• Assigned task:
Please set down the data word for word; images do not go in the copy.

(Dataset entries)
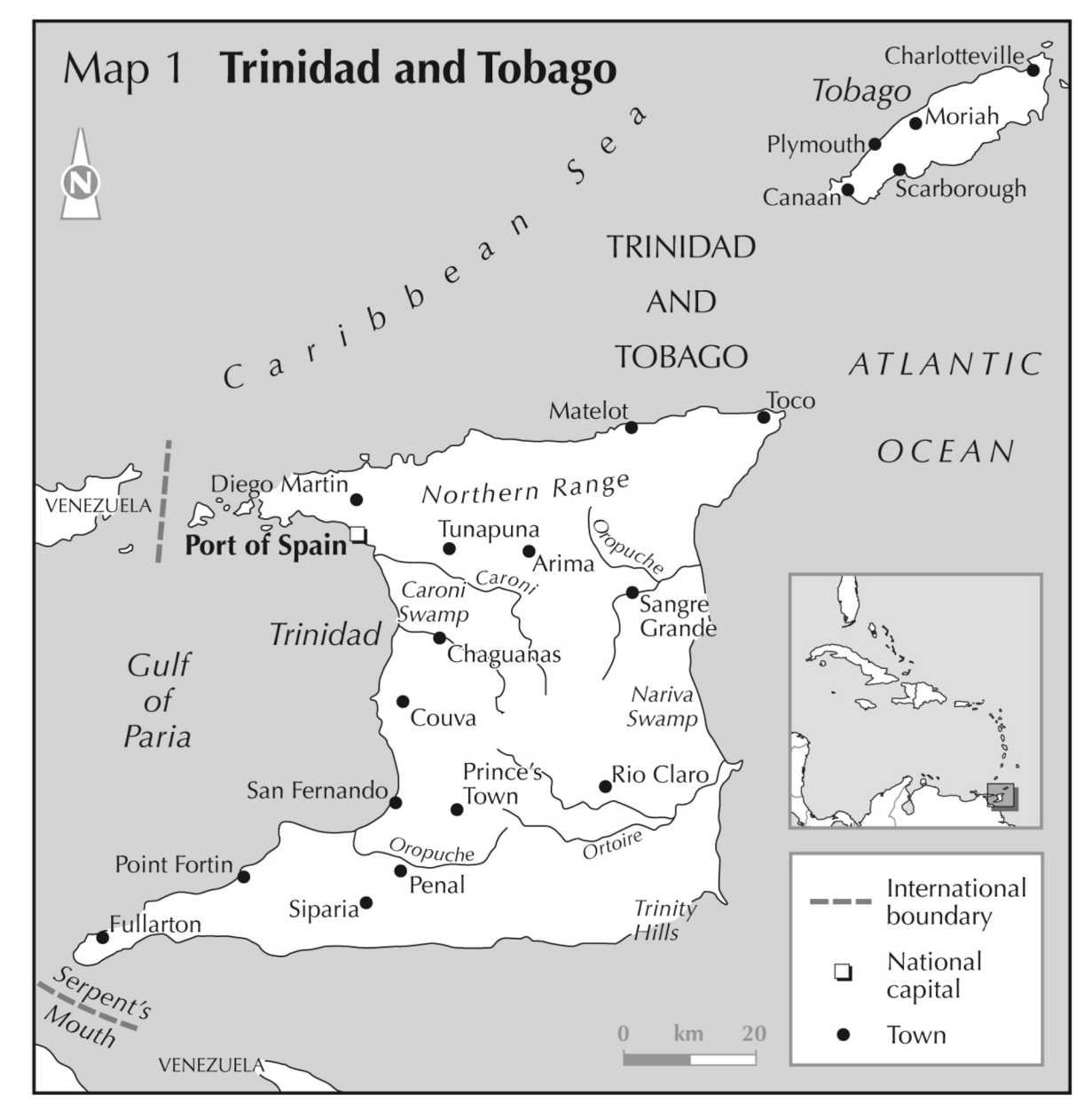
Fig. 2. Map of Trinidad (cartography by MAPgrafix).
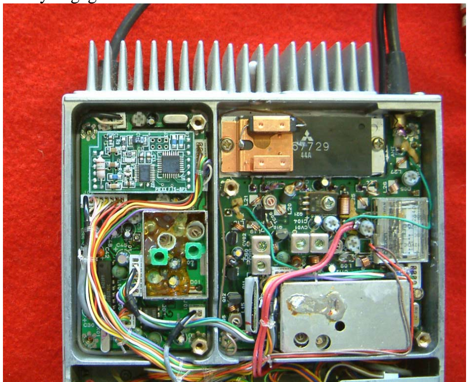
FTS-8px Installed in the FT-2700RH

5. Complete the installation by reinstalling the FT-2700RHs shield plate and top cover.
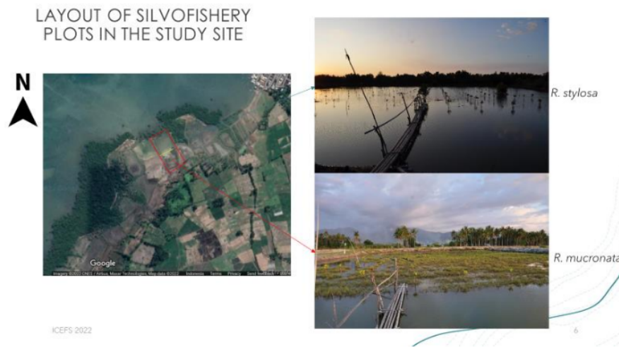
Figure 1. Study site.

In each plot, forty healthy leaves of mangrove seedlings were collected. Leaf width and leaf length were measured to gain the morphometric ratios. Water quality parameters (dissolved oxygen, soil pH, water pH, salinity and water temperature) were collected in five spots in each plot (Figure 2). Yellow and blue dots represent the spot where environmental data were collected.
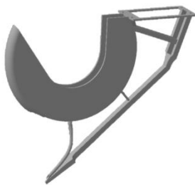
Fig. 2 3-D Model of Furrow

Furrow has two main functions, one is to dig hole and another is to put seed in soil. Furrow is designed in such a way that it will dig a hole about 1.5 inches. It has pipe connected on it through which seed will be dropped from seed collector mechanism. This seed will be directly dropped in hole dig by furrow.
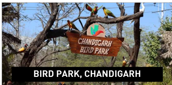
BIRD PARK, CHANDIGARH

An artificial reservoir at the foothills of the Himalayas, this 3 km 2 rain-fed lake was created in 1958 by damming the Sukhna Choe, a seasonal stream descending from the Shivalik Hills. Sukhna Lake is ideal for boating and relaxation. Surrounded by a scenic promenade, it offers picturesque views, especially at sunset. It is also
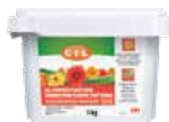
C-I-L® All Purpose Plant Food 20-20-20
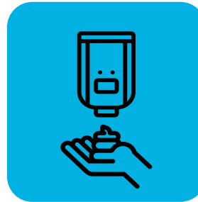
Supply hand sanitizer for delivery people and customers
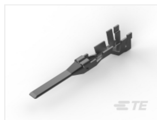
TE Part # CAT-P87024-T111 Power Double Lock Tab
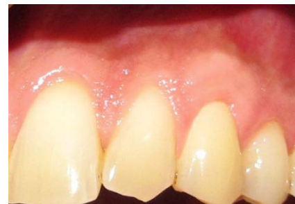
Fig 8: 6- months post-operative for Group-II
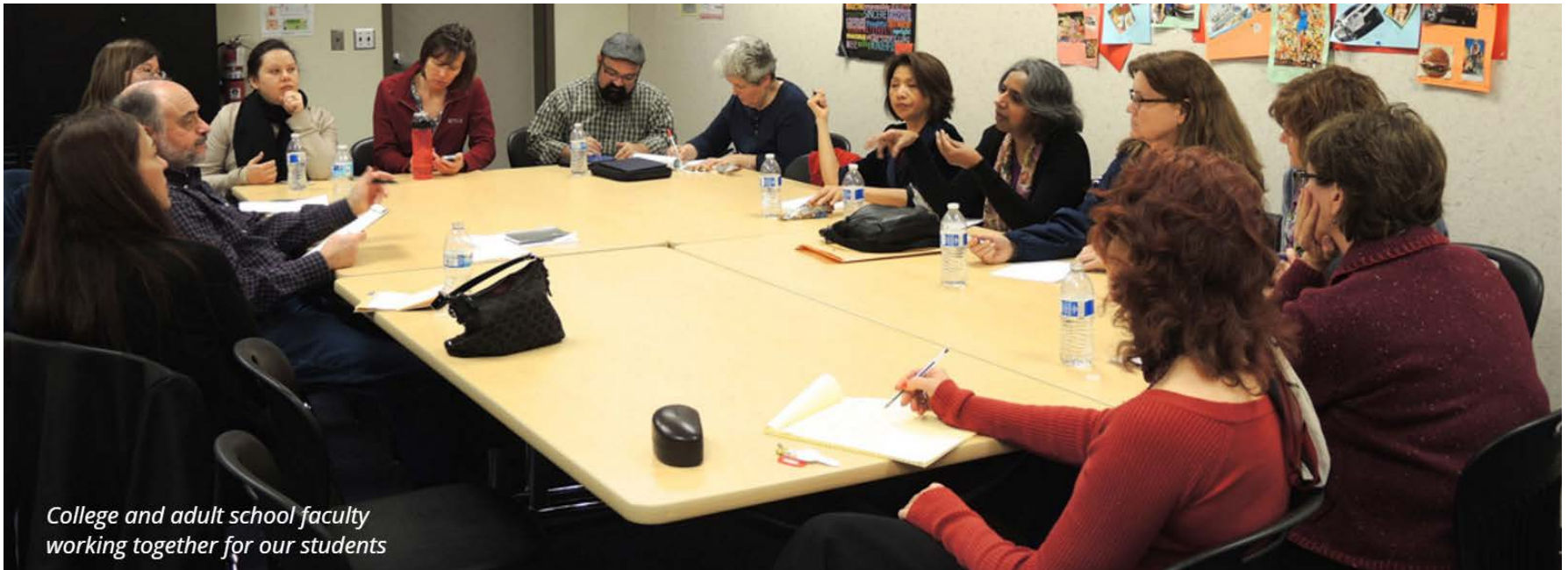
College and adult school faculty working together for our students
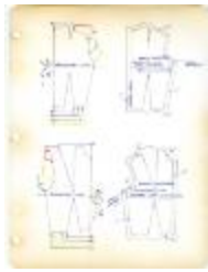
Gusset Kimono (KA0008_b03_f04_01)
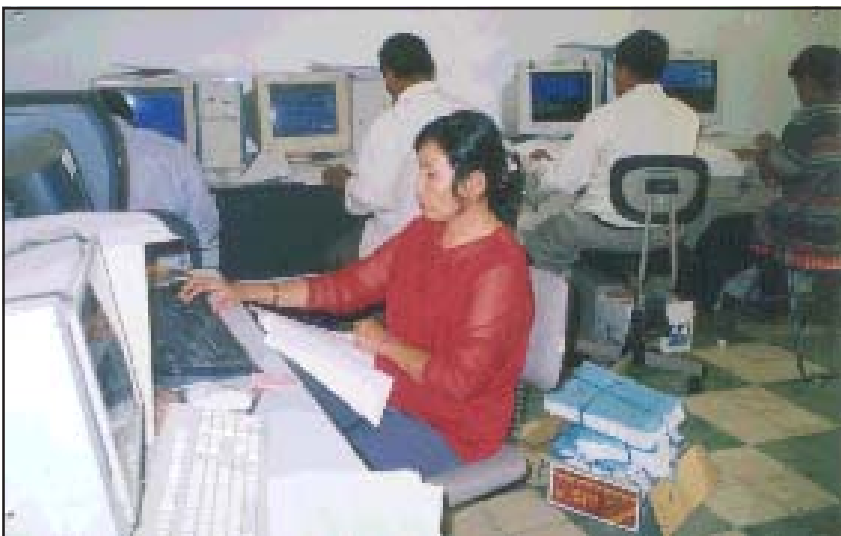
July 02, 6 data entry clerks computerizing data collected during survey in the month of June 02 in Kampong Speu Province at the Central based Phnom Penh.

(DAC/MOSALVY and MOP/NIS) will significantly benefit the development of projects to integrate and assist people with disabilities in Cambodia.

• Reply to the task:
Fig. 2. Map of Trinidad (cartography by MAPgrafix).
FTS-8px Installed in the FT-2700RH

5. Complete the installation by reinstalling the FT-2700RHs shield plate and top cover.
Figure 1. Study site.

In each plot, forty healthy leaves of mangrove seedlings were collected. Leaf width and leaf length were measured to gain the morphometric ratios. Water quality parameters (dissolved oxygen, soil pH, water pH, salinity and water temperature) were collected in five spots in each plot (Figure 2). Yellow and blue dots represent the spot where environmental data were collected.
Fig. 2 3-D Model of Furrow

Furrow has two main functions, one is to dig hole and another is to put seed in soil. Furrow is designed in such a way that it will dig a hole about 1.5 inches. It has pipe connected on it through which seed will be dropped from seed collector mechanism. This seed will be directly dropped in hole dig by furrow.
BIRD PARK, CHANDIGARH

An artificial reservoir at the foothills of the Himalayas, this 3 km 2 rain-fed lake was created in 1958 by damming the Sukhna Choe, a seasonal stream descending from the Shivalik Hills. Sukhna Lake is ideal for boating and relaxation. Surrounded by a scenic promenade, it offers picturesque views, especially at sunset. It is also
C-I-L® All Purpose Plant Food 20-20-20
Supply hand sanitizer for delivery people and customers
TE Part # CAT-P87024-T111 Power Double Lock Tab
Fig 8: 6- months post-operative for Group-II
College and adult school faculty working together for our students
Gusset Kimono (KA0008_b03_f04_01)
July 02, 6 data entry clerks computerizing data collected during survey in the month of June 02 in Kampong Speu Province at the Central based Phnom Penh.

(DAC/MOSALVY and MOP/NIS) will significantly benefit the development of projects to integrate and assist people with disabilities in Cambodia.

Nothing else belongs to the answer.